Using controlled fires to prevent larger ones is not that simple, though. As the commissioner mentions, the logistics of controlled fires can be difficult to pull off, especially as weather conditions continue to become hotter and drier. The landscape has to be flammable enough for the burn to take off, but not so combustive that it spreads out of control. The perfect conditions might only happen a few times a year.
“The problem is that huge parts of the continent might be in that window at the same time and you can only feasibly burn small pieces of it,” says James Clark, professor of biology at Duke University. He says we have the same issue in the U.S. “Big parts of the west would be under prescription at just the same time, and there’s just no way you could do controlled burns over such a huge area.”

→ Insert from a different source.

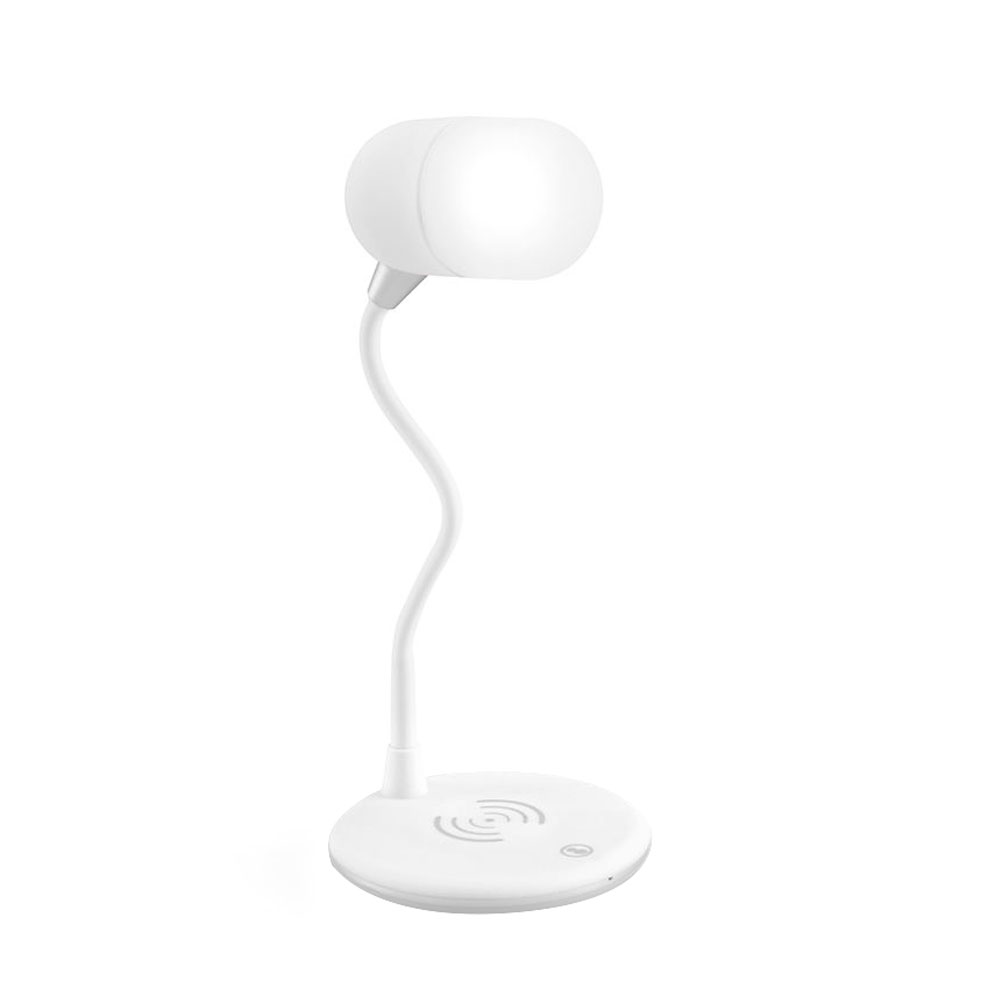 Лампа с колонкой и беспроводной зарядкой Alladin, белая

Steffensen says he feels encouraged as more people come to his workshops and show interest in traditional Australian land management practices. “When we first started, 27 years ago, there were no other non-indigenous people coming to our workshops,” he says. “Now everyone’s coming.” He says that he has seen people from the national parks, private landholders, and even schoolchildren at his workshops and controlled burns, though he says the political leadership of the country has still shown no interest. Steffensen says one concern is that, as a result of the current fires, the government will send inexperienced people to set controlled burns, which could be disastrous for the landscape and future management policy. He recommends a three- or four-year training program in which practitioners can learn about soil types and trees, as well as how to time the fires, and many other aspects of the natural and built environment. “Before colonization, [the landscape managers] were absolutely walking libraries,” he says. “But today we have just some young guys with a drip torch in the back of a four-wheel drive that think they know how to burn, and we just go around and around in a circle.”
The future is bleak. “We know that parts of the globe inhabited by humans today won’t be habitable in the future,” says Clark. “Not just by humans, but by many species.” Clark and other scientists hope that these catastrophes will motivate people to vote for more action against climate change. “Besides the tragic bushfires, 2019 may go down in Australian history as the year in which a large proportion of the general public started to be concerned about climate change,” writes Petr Matous, a civil engineering lecturer at the University of Sydney, to Popular Science in an email. “A significant part of the bushfire discussions focused on clarifying and explaining again and again the link between fossil fuel combustion, increasing temperatures, and shifting rainfall patterns.”
He says that we also need new planning, building, adaptation, and legislation strategies that would lead to the development of more fire-resilient interface between cities and bushland for a hotter and drier future. Listening to the people who have effectively managed the landscape for thousands of years is a first step.